BANK OF ENGLAND SEES LESS SEVERE DOWNTURN
Updated: Aug 8
The Bank of England (BoE) has predicted that the economic downturn in the UK economy might be less severe than it thought at the start of the COVID-19 pandemic, Euronews reported.
British banks also have enough capital to keep lending to businesses and absorb the huge losses likely to result from the pandemic, the BoE said.
There is also confidence regarding the impact of Brexit on the UK's financial services once the transition period expires at the end of the year.
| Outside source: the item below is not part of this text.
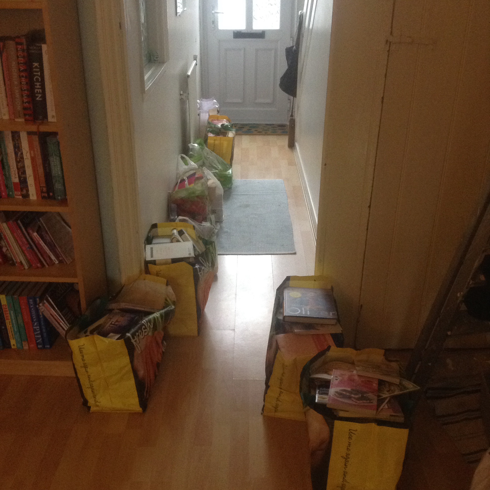 Every room in the house has at least one bookcase in it, and with my Christmas haul they were groaning under the weight. Books were stacked haphazardly and blocked the view of other titles, and my carefully organised system was out of the window. A culling had to happen, and the bags in the picture show my progress so far.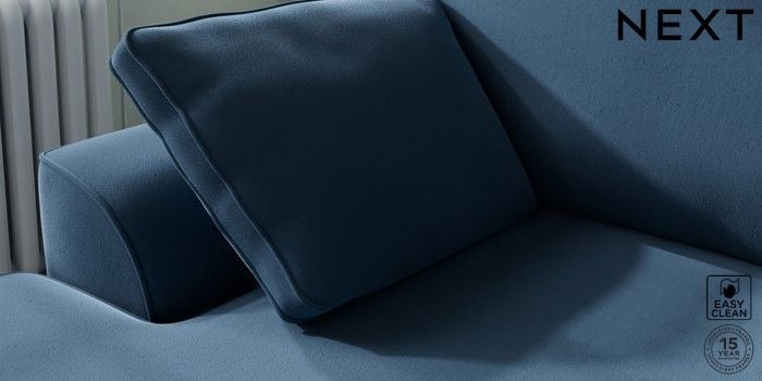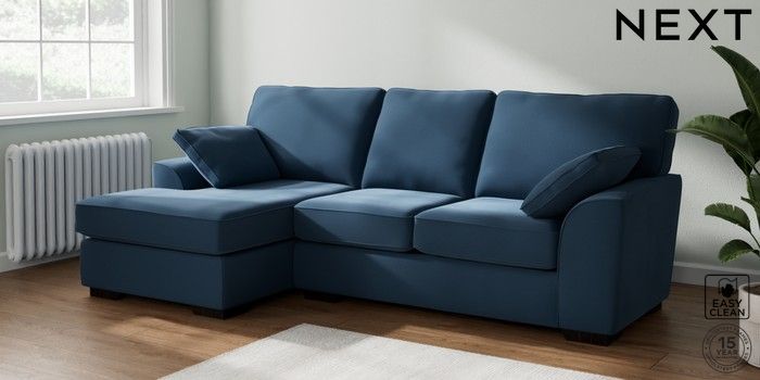 7.2.10 Buy Stamford Medium Sofa Chaise - Left Hand Plush Velvet Easy Clean Airforce Blue Large Square Angle - Dark from the Next UK online shop Click here to use our accessible website

The central bank says that in the event of no deal being reached between the UK and the EU, most risks to stability "have been mitigated". But it adds that "some disruption is possible", "further action is needed" and the full impact cannot be anticipated.
The relatively upbeat assessments come in two reports published by the bank on Thursday.
The BoE warns, however, that it could take a longer time for the economy to return to its pre-covonavirus size -- and that amid high uncertainty the banking system might struggle in the face of "severe economic outcomes".
The central bank opened the door to providing more monetary stimulus as Britain reopens after the pandemic lockdowns. Its Financial Policy Committee (FPC) warned that defensive action like scaling back on lending would be costly to both banks and the wider economy.
"It remains the FPC’s judgement that banks have the capacity, and it is in the collective interest of the banking system, to continue to support businesses and households through this period," the committee said.
The BoE estimates that the economy probably shrank by 23% in the second quarter but is already recovering. Its prediction of a 9.5% overall contraction in the economy for 2020 was more optimistic than its forecast in May for a 14% drop.
However, it says the economy probably won’t return to pre-pandemic levels until the end of 2021 as spending by consumers and businesses remains weak.
Committee minutes show there is concern about rising rates of unemployment, which it's feared could prove to be more persistent than expected. The jobless rate is forecast to rise to 7.5% this year, from 3.75% in 2019.